*** Opening EXERCISE MATERIALS ***

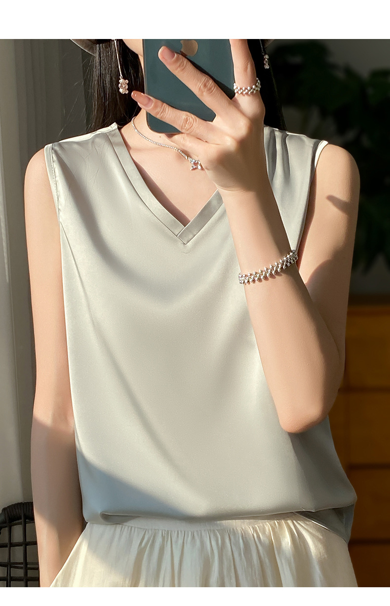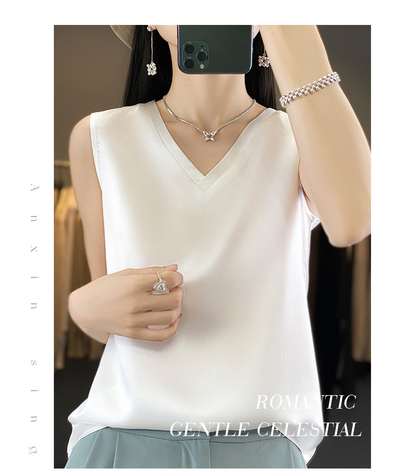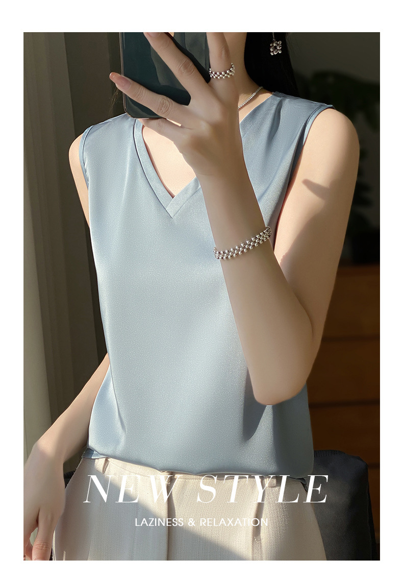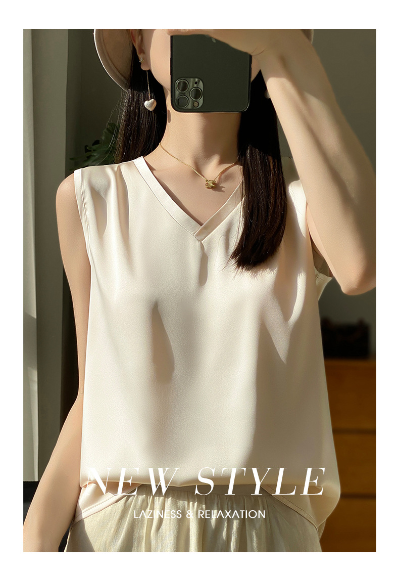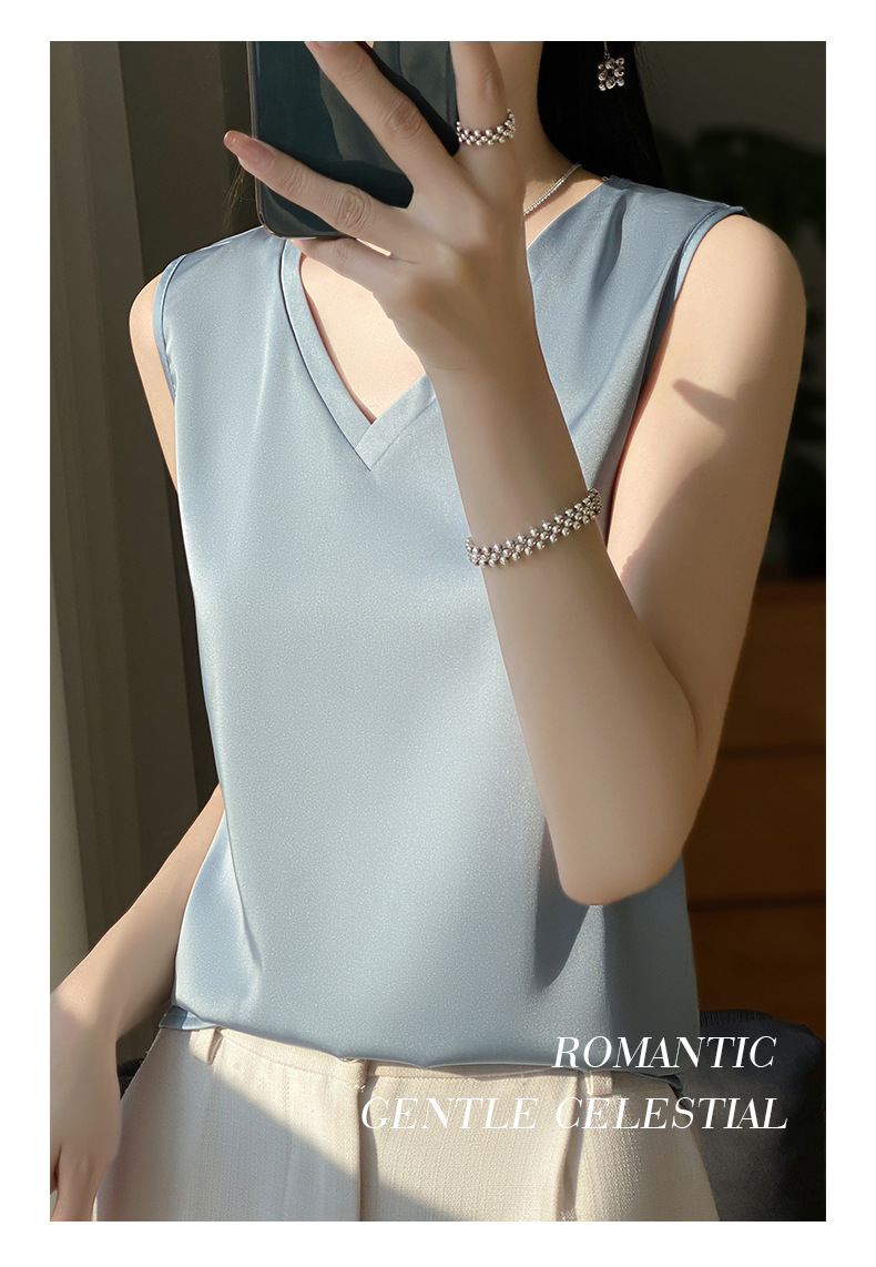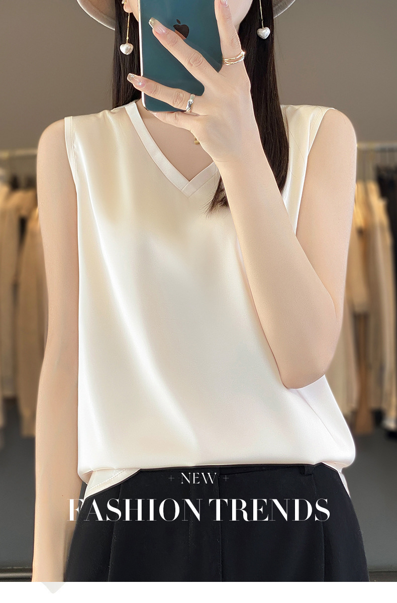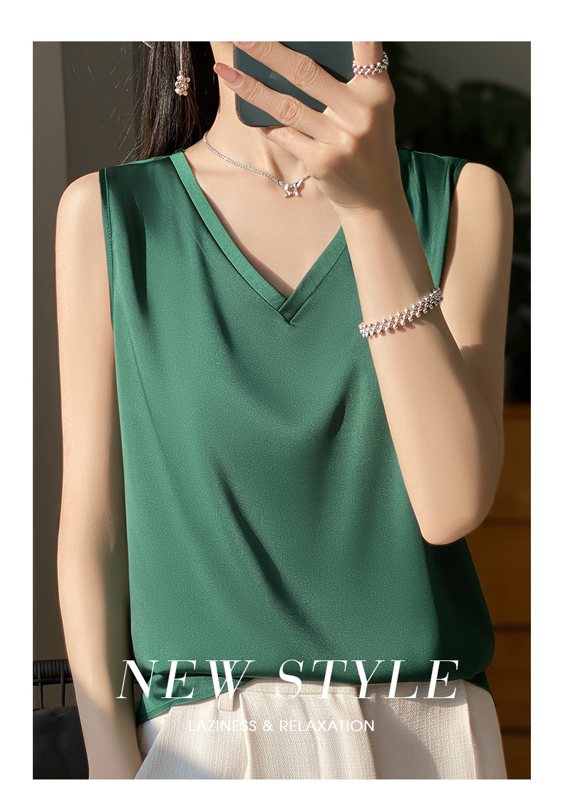 QHJY-1014丝绸缎面针织无袖吊带背心女薄款 2024春秋配西装内搭打底纯色T恤
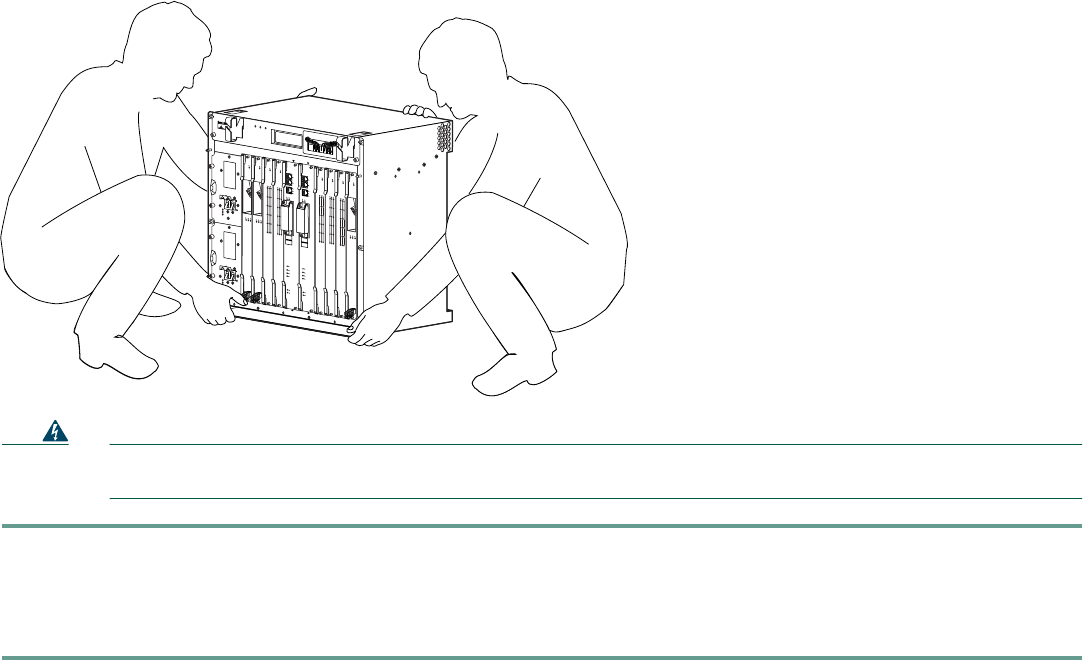 At least three people are required to mount the chassis in the equipment rack: two people are needed to hold the
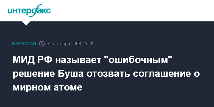 "Решение президента США Джожджа Буша отозвать из Конгресса США внесенное на ратификацию российско-американское соглашение о мирном ядерном сотрудничестве мы оцениваем как ошибочное и политизированное. Недоумение вызывает у нас и момент, выбранный для объявления этого решения", - говорится в сообщении для СМИ, размещенном на сайте МИД РФ.
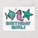 A cartoon fish, seahorse and starfish announce the presence of the birthday girl!
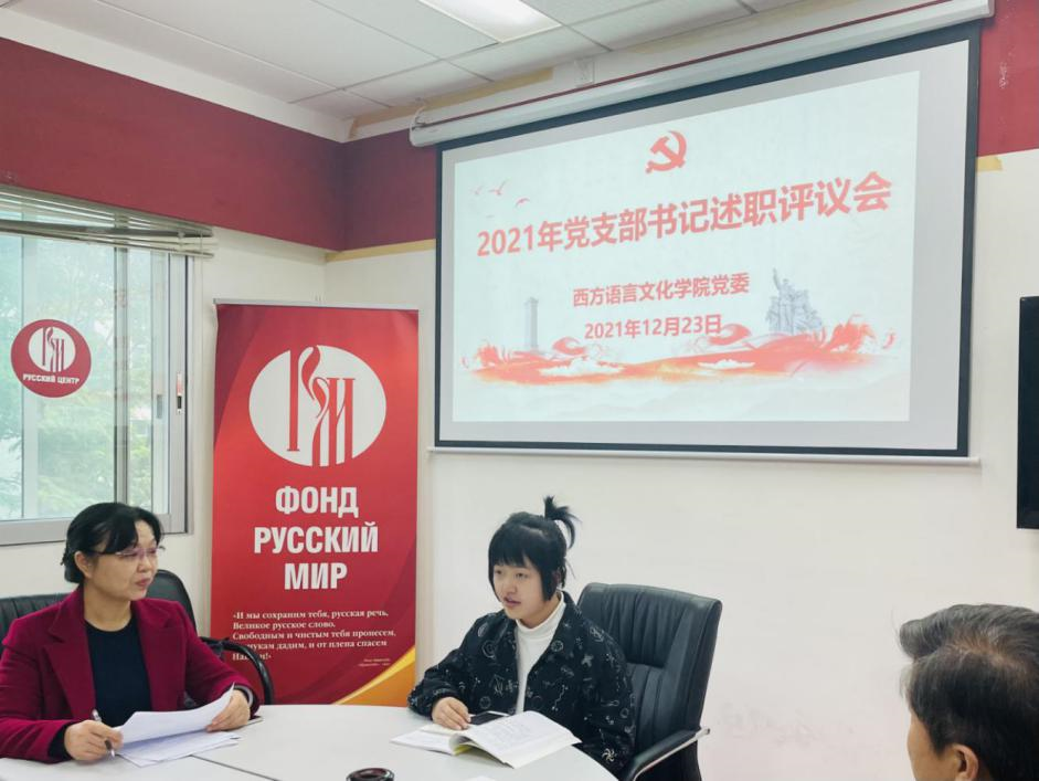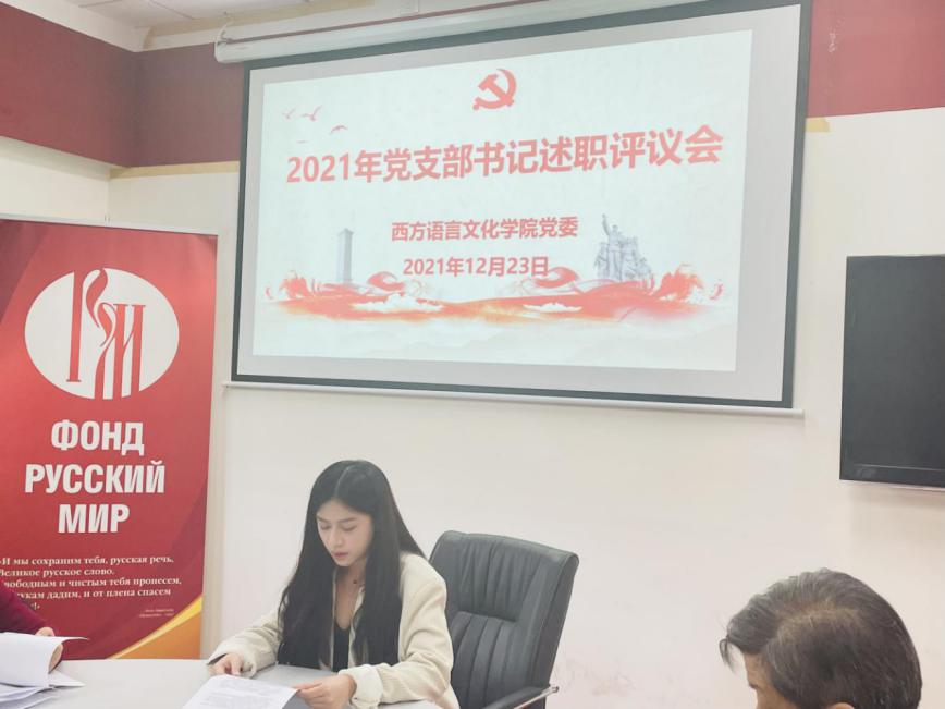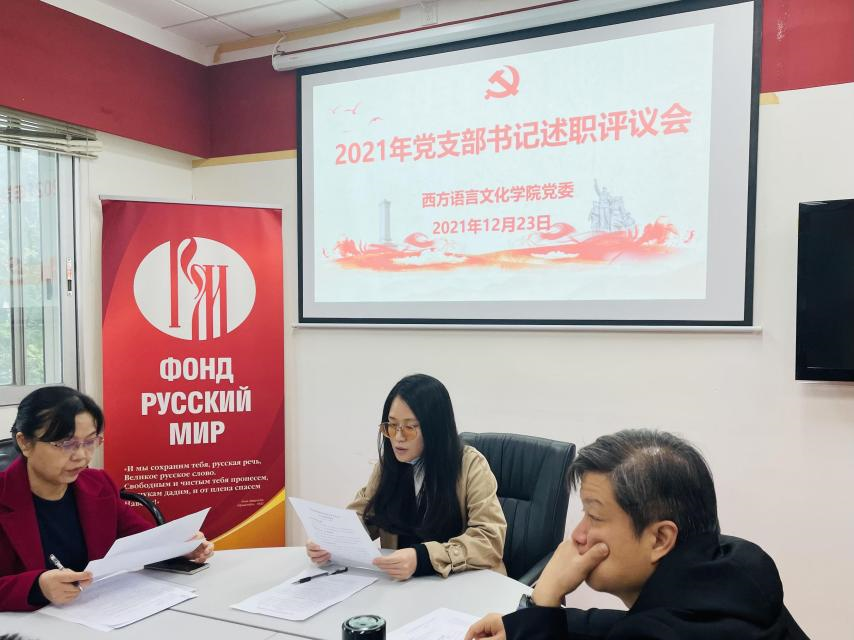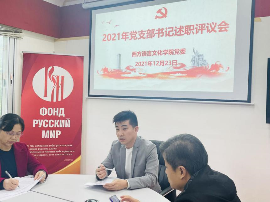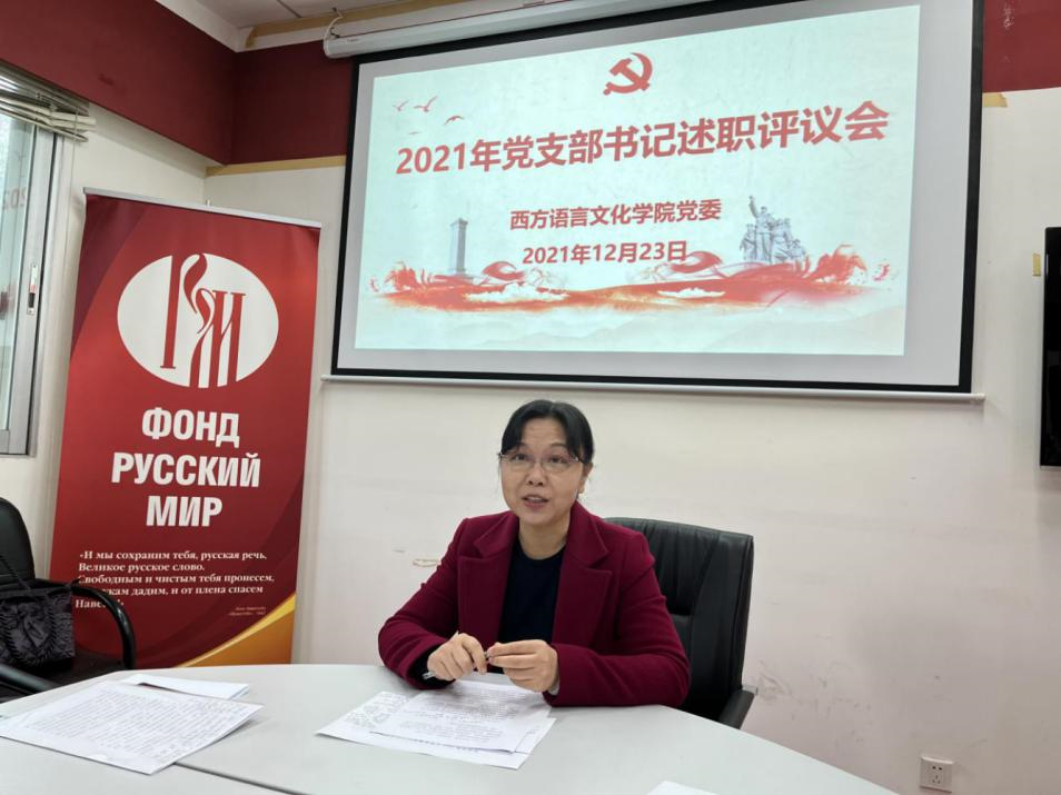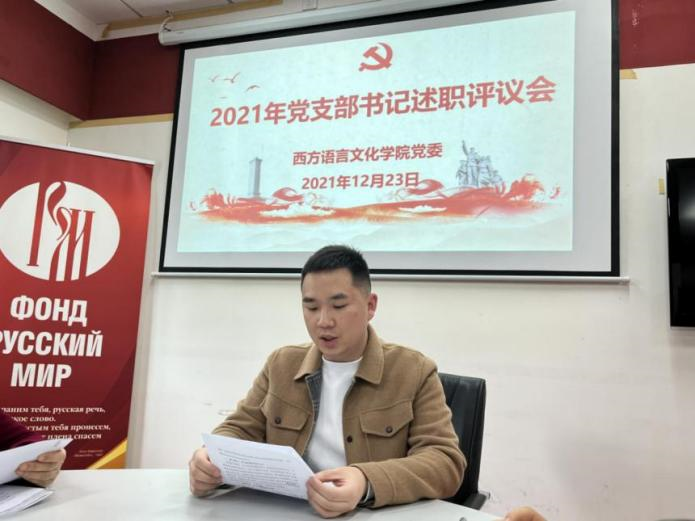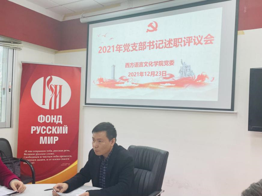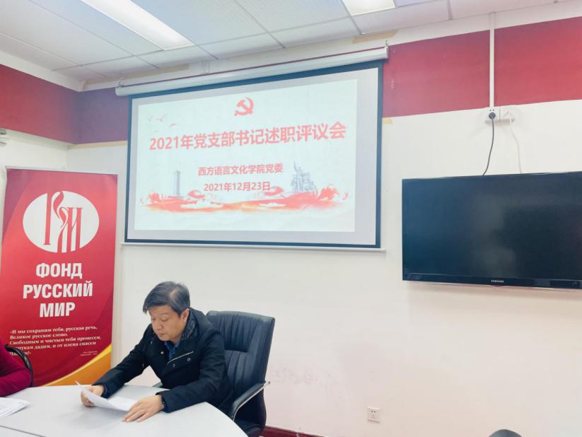 党委书记敖湘晖主持。各党支部按照教工第一党支部、教工第二党支部、教工第三党支部、法语本科学生党支部、德语本科学生党支部、西语本科学生党支部、俄语本科学生党支部、非通用语本科学生党支部、法俄研究生联合党支部、德西研究生联合党支部的顺序依次进行述职。

*** Closing EXERCISE MATERIALS ***

- ABOUT THIS EXERCISE -
Every record above should be written out again exactly; the pictures stay out of the copy.

- RESPONSE -
 QHJY-1014丝绸缎面针织无袖吊带背心女薄款 2024春秋配西装内搭打底纯色T恤
 At least three people are required to mount the chassis in the equipment rack: two people are needed to hold the
 "Решение президента США Джожджа Буша отозвать из Конгресса США внесенное на ратификацию российско-американское соглашение о мирном ядерном сотрудничестве мы оцениваем как ошибочное и политизированное. Недоумение вызывает у нас и момент, выбранный для объявления этого решения", - говорится в сообщении для СМИ, размещенном на сайте МИД РФ.
 A cartoon fish, seahorse and starfish announce the presence of the birthday girl!
 党委书记敖湘晖主持。各党支部按照教工第一党支部、教工第二党支部、教工第三党支部、法语本科学生党支部、德语本科学生党支部、西语本科学生党支部、俄语本科学生党支部、非通用语本科学生党支部、法俄研究生联合党支部、德西研究生联合党支部的顺序依次进行述职。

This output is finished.